Several customers were using RAID-5 to run an application with a 100-0% write-to-read ratio. What was the application? Restore from Tape. (Doh!)
The Worst Possible Access Pattern
Several customers had backed up their entire RAID-5 LUN to tape, and for one reason or another they had to restore the entire LUN. The particular DG restore tool that they were using performed single threaded sequential writes. Not only were RAID-5 writes slow, but the single-threaded nature of the restore tool negated the advantages of multiple spindles handling multiple requests in parallel.
So the writes came down one at a time. The FLARE code mapped the write to a particular disk drive. A pre-read request was issued to disk. Seek time was not much of an issue (the disk heads were already in the general area). The access speed of the drives (rotational latency and transfer times) amounted to about 20 milliseconds. Follow that up with the actual write operation and you add another 20 milliseconds. So we're up to 40 ms for the initial writing of the data.
Moving on to the update of the RAID-5 parity information, you can guess how long that would take: approximately 40 ms. This ends up being a whopping total of 80 ms for a write operation. Divide that into 1 second, throw in some overhead, and you've got twelve I/Os per second.
So we had unhappy customers (who were probably not pleased about having to perform a restore to begin with) waiting forever for their restore to finish. This also resulted in annoyed Data General VPs wondering why Data General was even trying to be in the storage business.

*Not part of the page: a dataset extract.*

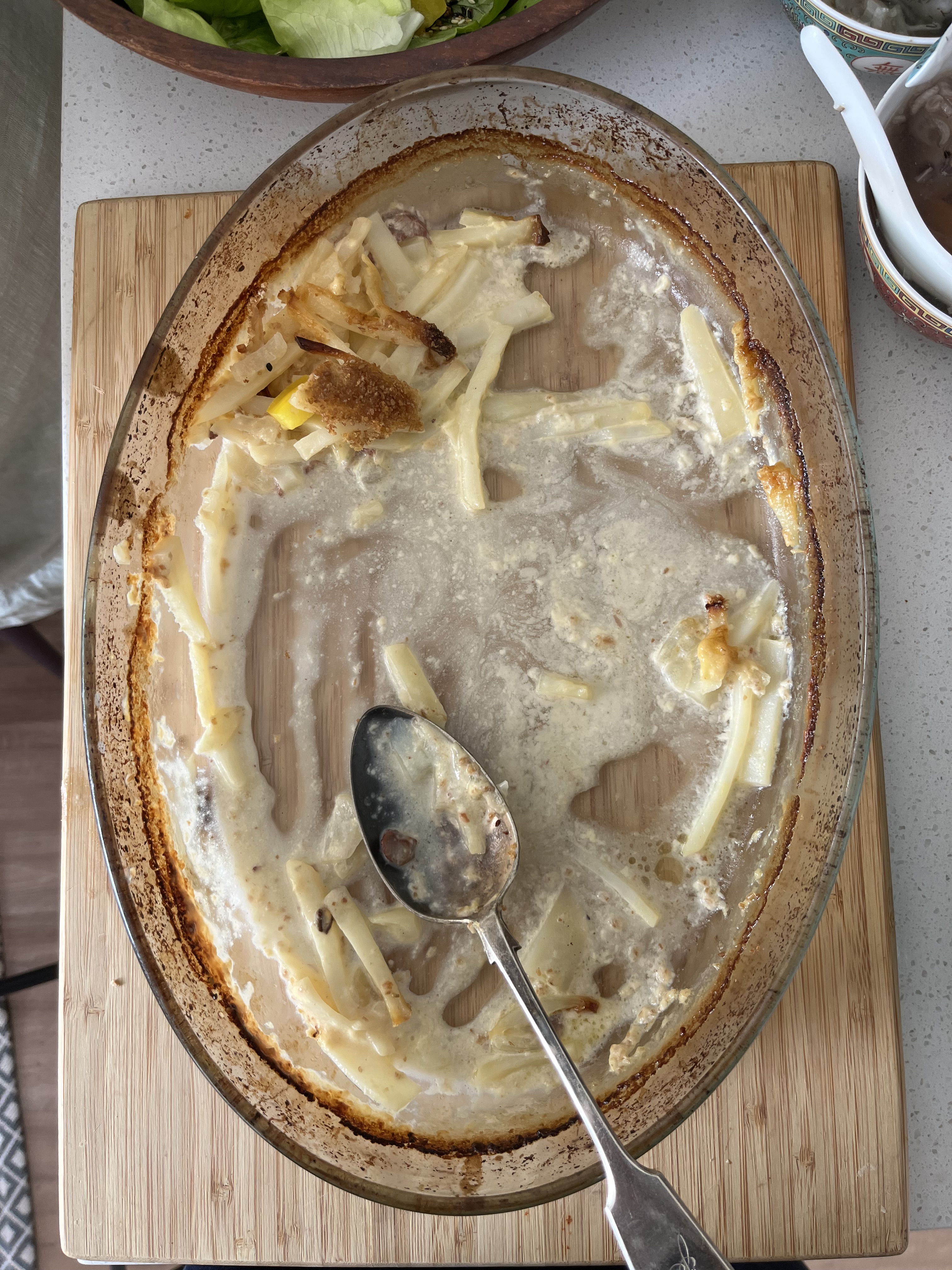 After a morning of peeling potatoes and slicing them into matchsticks for the Janssons frestelese, it was time to lay the table, put out the crackers and prepare the rest of the meal. There was four types of herring, little sardines, three types of smoked salmon, potatoes, meatballs, ham, salamis, sausages, a green salad, a cucumber salad, smoked salmon paté, devilled eggs and of course the Janssons (pictured almost finished below). There was Christmas cake, chocolate, a ginger cake made by our friend, chocolate and strawberries for dessert. And of course beer and snaps!

Data Layout Only Goes So Far
There are many tricks you can play with data layout, pre-fetching, and the like. The bottom line, however, is that trying to solve the problem solely at the disk level is only going to take you so far. We considered the write cache capability on that generation of disk drives but truth be told we wanted complete control over any algorithm which affected data integrity. The plain and simple answer was to build some sort of "FLARE" write cache.
The FLARE write cache ended up being fairly disruptive on two levels:
- It had a pretty big software impact. Large parts of FLARE would need to be either ripped out or heavily modified.
- It had a pretty big hardward impact. We decided to use a battery backup unit (BBU) to protect against power failures. This meant that existing customers wouldn't be able to upgrade to a caching version of FLARE. They would need what was then called a "forklift upgrade".
I plan on posting more detail about building the CLARiiON write cache. There's a lot to write about. For me it was one of the harder efforts I've ever been a part of. I experienced project leadership for the first time. And when the CLARiiON write cache was done, I decided "so was I".
Steve
Dear sir, is it true that the Clariion runs Windows XP embedded?
Posted by: dale | May 28, 2008 at 08:37 AM
Hello Dale,
Yes it is true that today's CLARiiON is running a version of Windows XP embedded. CLARiiON made the transition to a Windows-based implementation in the late 1990s.
Steve
Posted by: Steve Todd | May 28, 2008 at 09:25 AM
Kind thanks, gent. So does this imply that FLARE runs as a Win32 application?
Posted by: dale | May 29, 2008 at 01:34 PM
FLARE currently runs as a driver in the kernel.
Regards,
Steve
Posted by: Steve Todd | May 30, 2008 at 02:41 AM